TASK REQUIREMENTS:
Reproduce only the lines below from the line containing "1943 Kisgyermek ravatalozása, fotólap, hátoldalon" to the line containing "Iznajmljuje se moderan, potpuno", exactly as written, with both end lines kept. Omit the pictures.

RECORDS PROVIDED:
/---
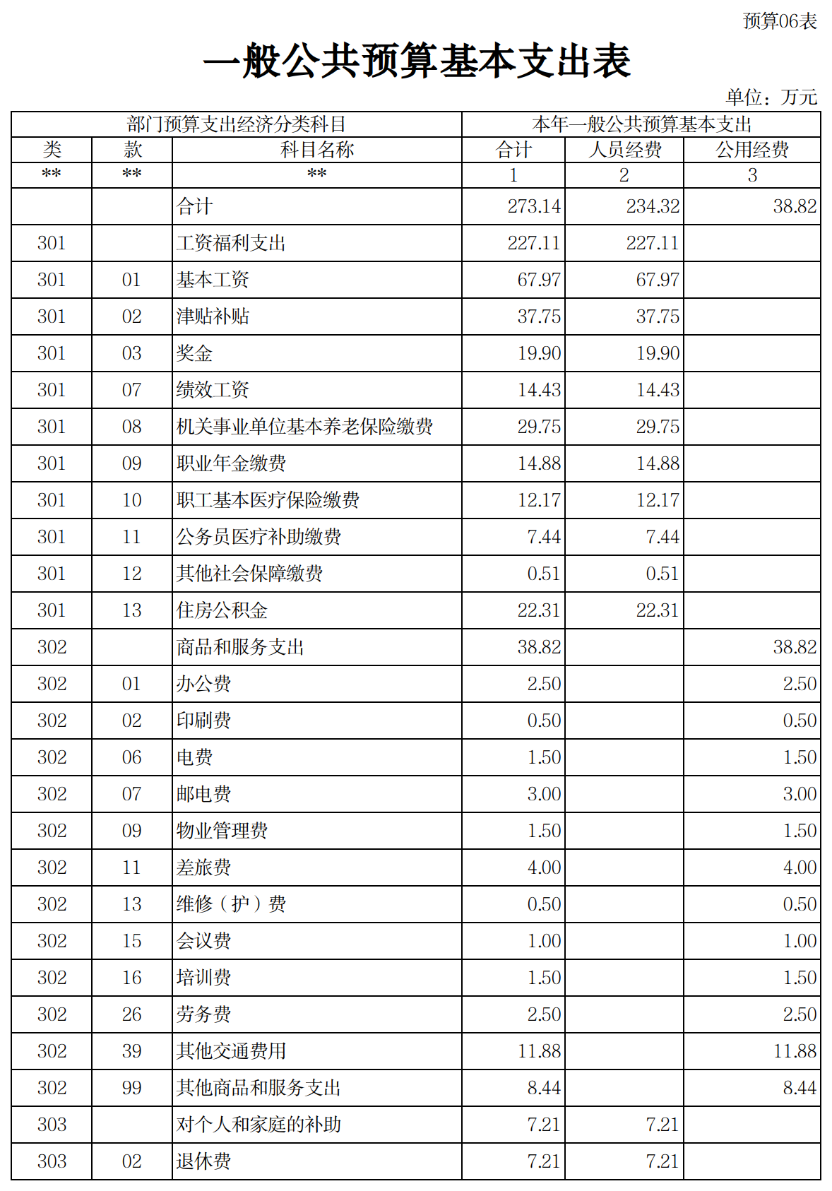 2023年一般公共预算基本支出273.14万元。其中:
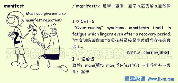 【联想记单词】联想:mani(看作man,手)+fest(打)→用手打开→表明;显示
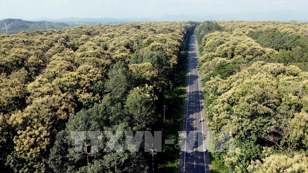 Vào tháng 8 hàng năm, cây Giá Tỵ (cây Báng Súng) nở rộ hoa, tạo nên cánh rừng hoa bạt ngàn trải dài dọc tuyến Quốc lộ 20. Ảnh: Sỹ Tuyên - TTXVN
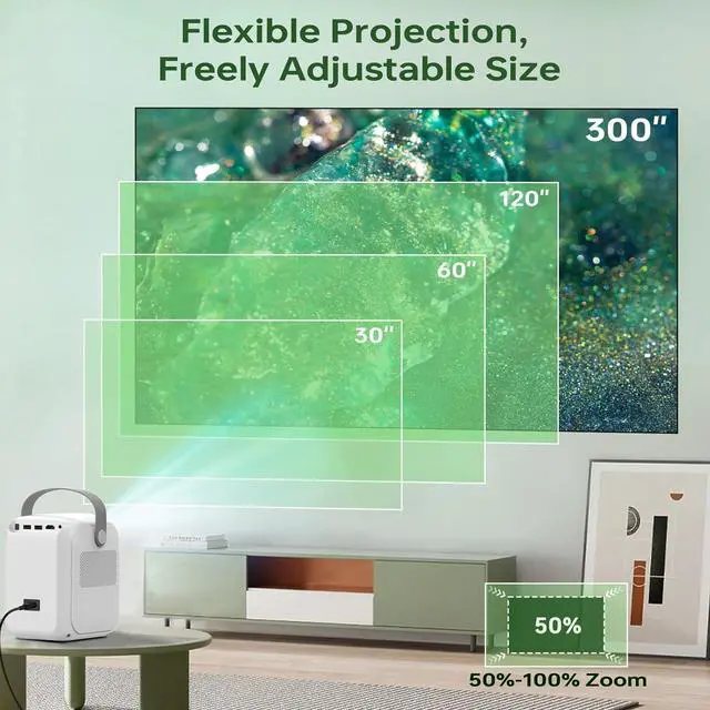 Perfect Screen and Zoom Function: In terms of adjusting the screen size, short throw projector supports a projection screen size of 41-300 inches, with a wide adjustment range and a 100% -50% scaling ability. The function is practical, and you can easily adjust the screen size without changing the projection distance. You can adjust the screen to the ideal size that best suits your viewing experience based on the actual viewing scene and personal preferences, thereby achieving perfect image projection and providing you with the best viewing experience.
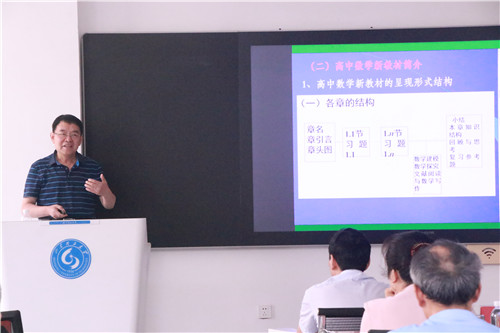 报告会第一阶段由院长李功胜主持。在报告会上,山东大学张天德教授以“大学数学教学创新思路及实践”为题从金课、课程思政及新形态教材分享了教学实践过程中的体会心得;山东科技大学赵文才教授围绕高等数学一流课程建设交流了教学创新及教学团队创新建设;淄博五中杨本春老师介绍了新高考模式下高中数学教材的变化与实施。
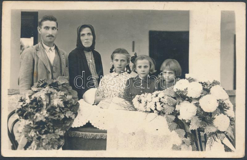 1943 Kisgyermek ravatalozása, fotólap, hátoldalon feliratozva, 14x9 cm https://www.darabanth.com/de/236-Fernauktion/236.0/Andere-Sammelgebiete/Foto~400036/1943-Kisgyermek-ravatalozasa-fotolap-hatoldalon-feliratozva-14x9-cm~II1088378
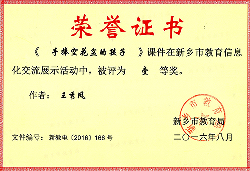 我校王秀凤老师在新乡市教育信息化交流展示活动中荣获一等奖
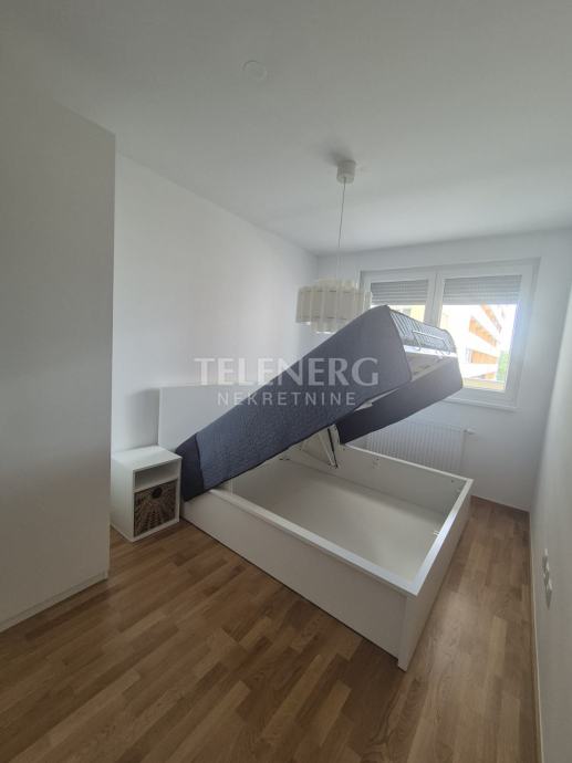 Iznajmljuje se moderan, potpuno namješten stan u novogradnji (1. najam) u Lovinčićevoj ulici (Peščenica - Žitnjak, Donje Svetice), dostupan isključivo za dugoročni najam (minimalno godinu dana uz potpis ugovora).
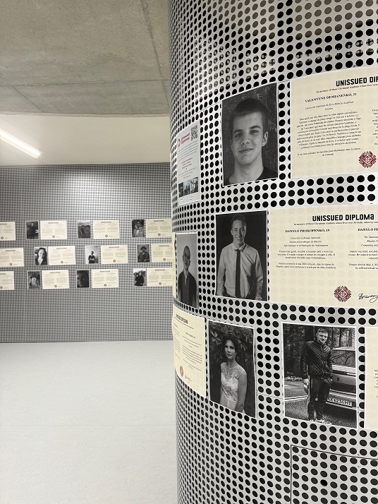 Cette exposition retrace la vie et les rêves de 40 étudiantes et étudiants ukrainiens qui ont été tués depuis le début de la guerre. Chaque diplôme, accompagné d'une photo, raconte une histoire personnelle et permet de rendre hommage à la mémoire des étudiants ukrainiens qui ne pourront jamais obtenir leur diplôme car leur vie a été emportée par la guerre.
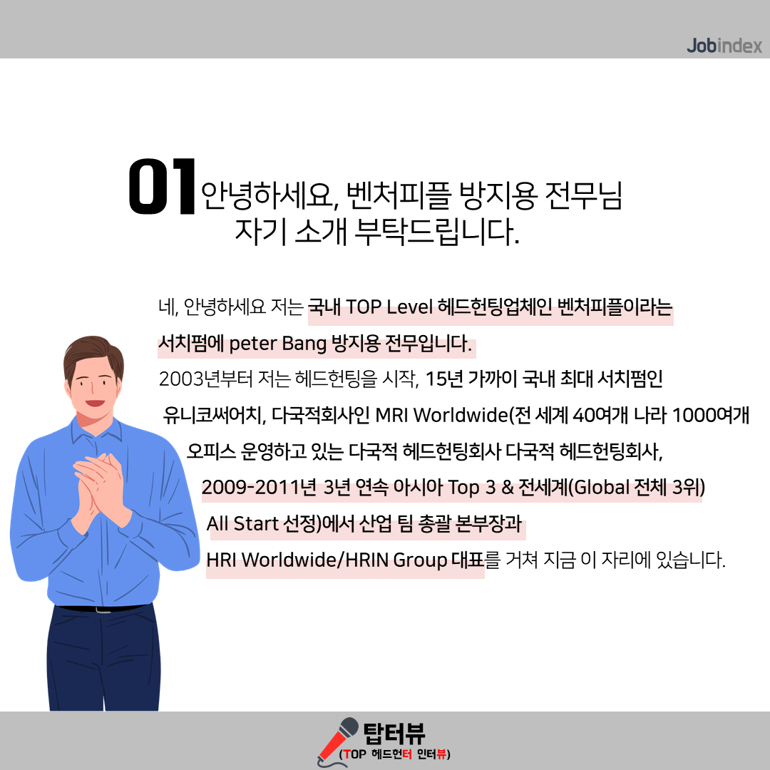- 네, 안녕하세요 저는 국내 TOP Level 헤드헌팅업체인 벤처피플이라는 서치펌에 peter Bang 방지용 전무입니다. 2003년부터 저는 헤드헌팅을 시작, 15년 가까이 국내 최대 서치펌인 유니코써어치, 다국적회사인 MRI Worldwide(전 세계 40여개 나라 1000여개 오피스 운영하고 있는 다국적 헤드헌팅회사 다국적 헤드헌팅회사, 2009-2011년 3년 연속 아시아 Top 3 & 전세계(Global 전체 3위 All Start 선정)에서 산업 팀 총괄 본부장과 HRI Worldwide/HRIN Group 대표를 거쳐 지금 이 자리에 있습니다.
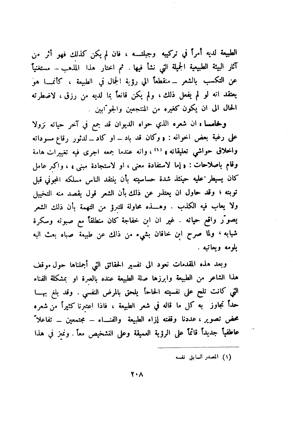 وبعد هذه المقدمات نعود إلى تفسير الحقائق التي أجملناها حول موقف هذا الشاعر من الطبيعة وأبرزها صلة الطبيعة عنده بالعبرة أو بمشكلة الفناء التي كانت تلح على نفسيته إلحاحا يلحق بالمرض النفسي. وقد بلغ بها حدا تجاوز به كل ما قاله في شعر الطبيعة، فإذا اعتبرنا كثيرا من شعره محض تصوير، عددنا وقفته إزاء الطبيعة والفناء؟ مجتمعين - تفاعلا عاطفيا جديدا قائما على الرؤية العميقة وعلى التشخيص معا. ونميز في هذا
\---
YOUR RESPONSE:
 1943 Kisgyermek ravatalozása, fotólap, hátoldalon feliratozva, 14x9 cm https://www.darabanth.com/de/236-Fernauktion/236.0/Andere-Sammelgebiete/Foto~400036/1943-Kisgyermek-ravatalozasa-fotolap-hatoldalon-feliratozva-14x9-cm~II1088378
 我校王秀凤老师在新乡市教育信息化交流展示活动中荣获一等奖
 Iznajmljuje se moderan, potpuno namješten stan u novogradnji (1. najam) u Lovinčićevoj ulici (Peščenica - Žitnjak, Donje Svetice), dostupan isključivo za dugoročni najam (minimalno godinu dana uz potpis ugovora).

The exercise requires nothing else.